YOUR OBJECTIVE
Pictures stay out; please output the remaining data exactly.

(Beginning of GIVEN INFORMATION)

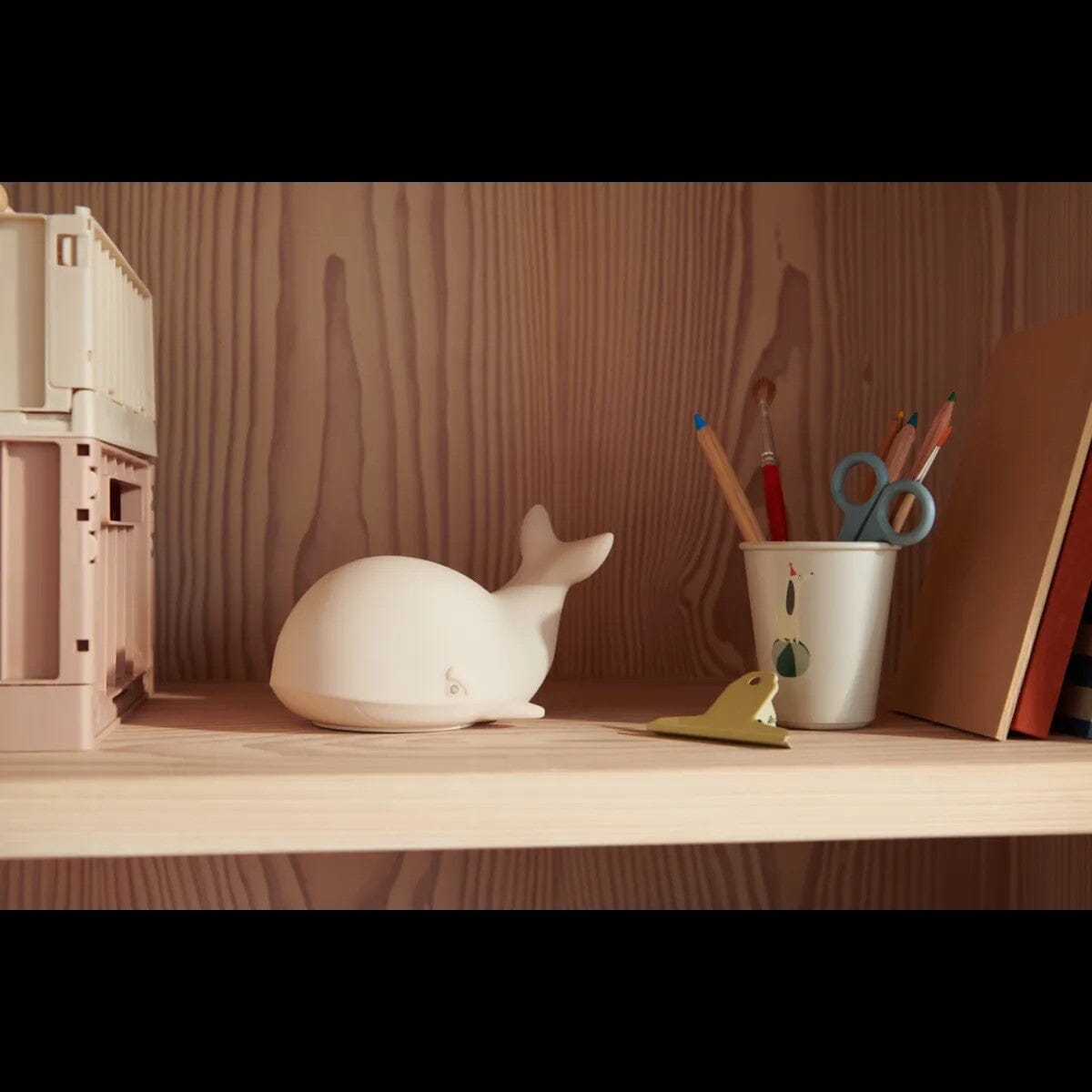 Walformige Nachtlampe in Sandfarbe von Liewood. Hergestellt aus weichem Silikon mit praktischer USB-C-Ladung und 12 Stunden Batterielaufzeit bei einer einzigen Ladung.
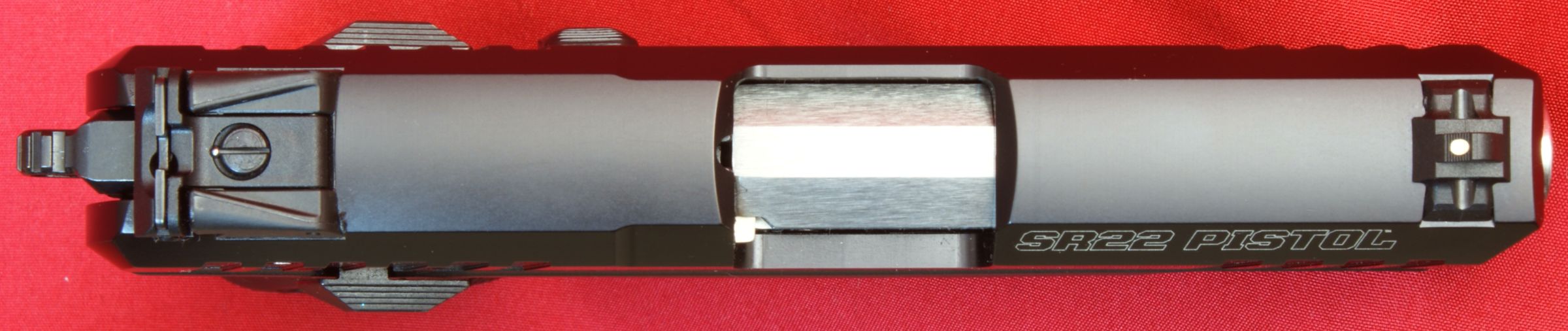 This next series of photos shows the as received condition of the pistol which was great and what you would expect for a new firearm. In Part 3 of the review I discuss in detail the external features of the Ruger SR22 Pistol so consider these photos a snapshot of what is yet to come. Also keep in mind that you can click on nearly any photo in my reviews to bring up a high resolution photo showing greater detail. Note that these photos are shown in the "as received" configuration which has the flat magazine floor plate and the smaller palm swell interchangeable grip sleeve installed. I decided to go ahead and show photos of the soft case in this part of the review. The case has a relatively thin padding, but I can see using this case to hold the SR22 Pistol when I pack up and head to the range.
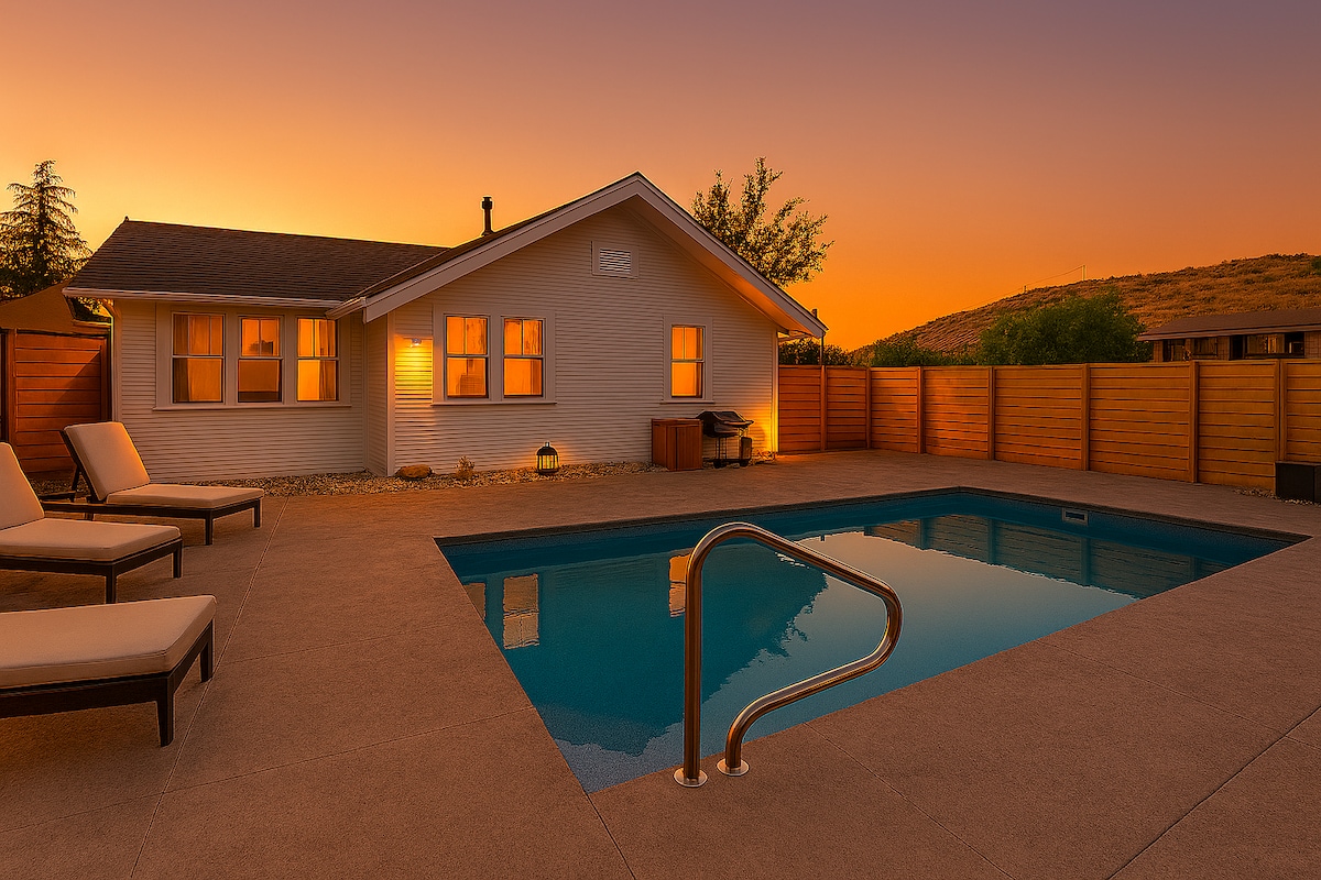 Welcome to your home away from home near Soap Lake. Nestled within the picturesque Lakeview Golf Course, this exquisite 5-bedroom, 2-bath home offers an unforgettable retreat for families and groups seeking relaxation and outdoor adventure. Spacious, inviting and beautifully designed modern interior. Open interior, large windows with breathtaking views of the golf course, large doors to oversized deck and heated 16 x 32 pool w/ sun shelf in shallow end. Hot tub on patio.

(End of GIVEN INFORMATION)

ANSWER AREA
 Walformige Nachtlampe in Sandfarbe von Liewood. Hergestellt aus weichem Silikon mit praktischer USB-C-Ladung und 12 Stunden Batterielaufzeit bei einer einzigen Ladung.
 This next series of photos shows the as received condition of the pistol which was great and what you would expect for a new firearm. In Part 3 of the review I discuss in detail the external features of the Ruger SR22 Pistol so consider these photos a snapshot of what is yet to come. Also keep in mind that you can click on nearly any photo in my reviews to bring up a high resolution photo showing greater detail. Note that these photos are shown in the "as received" configuration which has the flat magazine floor plate and the smaller palm swell interchangeable grip sleeve installed. I decided to go ahead and show photos of the soft case in this part of the review. The case has a relatively thin padding, but I can see using this case to hold the SR22 Pistol when I pack up and head to the range.
 Welcome to your home away from home near Soap Lake. Nestled within the picturesque Lakeview Golf Course, this exquisite 5-bedroom, 2-bath home offers an unforgettable retreat for families and groups seeking relaxation and outdoor adventure. Spacious, inviting and beautifully designed modern interior. Open interior, large windows with breathtaking views of the golf course, large doors to oversized deck and heated 16 x 32 pool w/ sun shelf in shallow end. Hot tub on patio.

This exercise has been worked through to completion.